Indocyanine green fluorescence angiography for intraoperative assessment of gastrointestinal anastomotic perfusion: a systematic review of clinical trials.

作者信息

Degett Thea Helene, Andersen Helene Schou, Gögenur Ismail

机构信息

Center for Surgical Science (CSS), Zealand University Hospital, Lykkebækvej 1, 4600, Køge, Denmark.

出版信息

Langenbecks Arch Surg. 2016 Sep;401(6):767-75. doi: 10.1007/s00423-016-1400-9. Epub 2016 Mar 11.

Abstract

PURPOSE

Anastomotic leakage following gastrointestinal surgery remains a frequent and serious complication associated with a high morbidity and mortality. Indocyanine green fluorescence angiography (ICG-FA) is a newly developed technique to measure perfusion intraoperatively. The aim of this paper was to systematically review the literature concerning ICG-FA to assess perfusion during the construction of a primary gastrointestinal anastomosis in order to predict anastomotic leakage.

METHODS

The following four databases PubMed, Scopus, Embase, and Cochrane were independently searched by two authors. Studies were included in the review if they assessed anastomotic perfusion intraoperatively with ICG-FA in order to predict anastomotic leakage in humans.

RESULTS

Of 790 screened papers 14 studies were included in this review.
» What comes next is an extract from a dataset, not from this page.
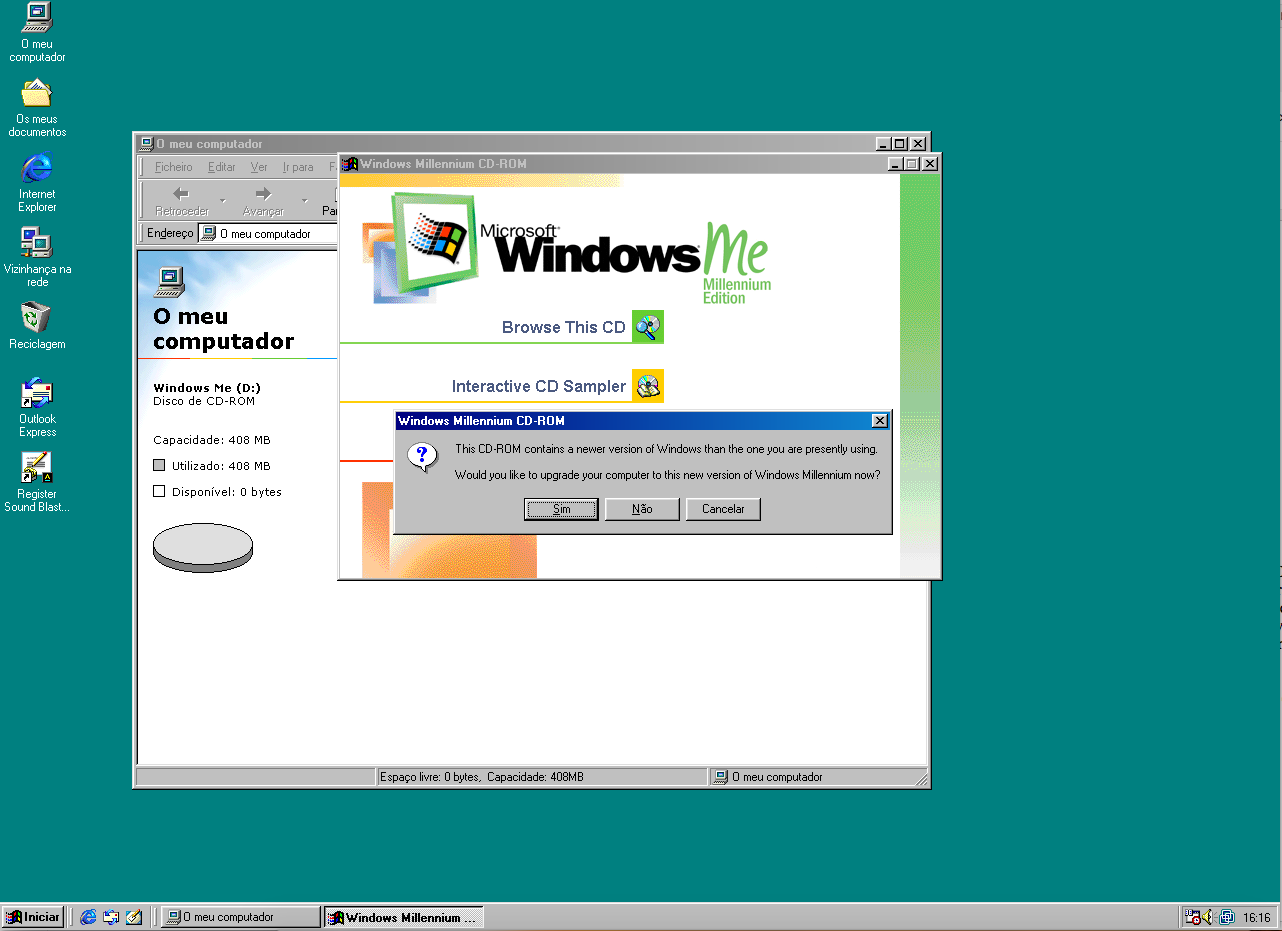 (Windows ME mostrando a que veio 😂😂😂)

Ten studies (n = 916) involved patients with colorectal anastomoses and four studies (n = 214) patients with esophageal anastomoses. All the included studies were cohort studies. Intraoperative ICG-FA assessment of colorectal anastomoses was associated with a reduced risk of anastomotic leakage (n = 23/693; 3.3 % (95 % CI 1.97-4.63 %) compared with no ICG-FA assessment (n = 19/223; 8.5 %; 95 % CI 4.8-12.2 %). The anastomotic leakage rate in patients with esophageal anastomoses and intraoperative ICG-FA assessment was 14 % (n = 30/214). None of the studies involving esophageal anastomoses had a control group without ICG-FA assessment.

CONCLUSION

No randomized controlled trials have been published. ICG-FA seems like a promising method to assess perfusion at the site intended for anastomosis. However, we do not have the sufficient evidence to determine that the method can reduce the leak rate.

摘要

目的

胃肠手术后吻合口漏仍然是一种常见且严重的并发症,具有较高的发病率和死亡率。吲哚菁绿荧光血管造影术(ICG-FA)是一种新开发的术中测量灌注的技术。本文旨在系统回顾有关ICG-FA评估原发性胃肠吻合术构建过程中灌注以预测吻合口漏的文献。

方法

两名作者独立检索了以下四个数据库:PubMed、Scopus、Embase和Cochrane。如果研究使用ICG-FA术中评估吻合口灌注以预测人类吻合口漏,则纳入本综述。

结果

在筛选的790篇论文中,有14项研究纳入本综述。10项研究(n = 916)涉及结直肠吻合术患者,4项研究(n = 214)涉及食管吻合术患者。所有纳入研究均为队列研究。结直肠吻合术的术中ICG-FA评估与吻合口漏风险降低相关(n = 23/693;3.3%(95%CI 1.97 - 4.63%),而未进行ICG-FA评估的情况(n = 19/223;8.5%;95%CI 4.8 - 12.2%)。食管吻合术患者且进行术中ICG-FA评估的吻合口漏率为14%(n = 30/214)。涉及食管吻合术的研究均没有未进行ICG-FA评估的对照组。

结论

尚无随机对照试验发表。ICG-FA似乎是一种评估吻合部位灌注的有前景的方法。然而,我们没有足够的证据确定该方法能降低漏率。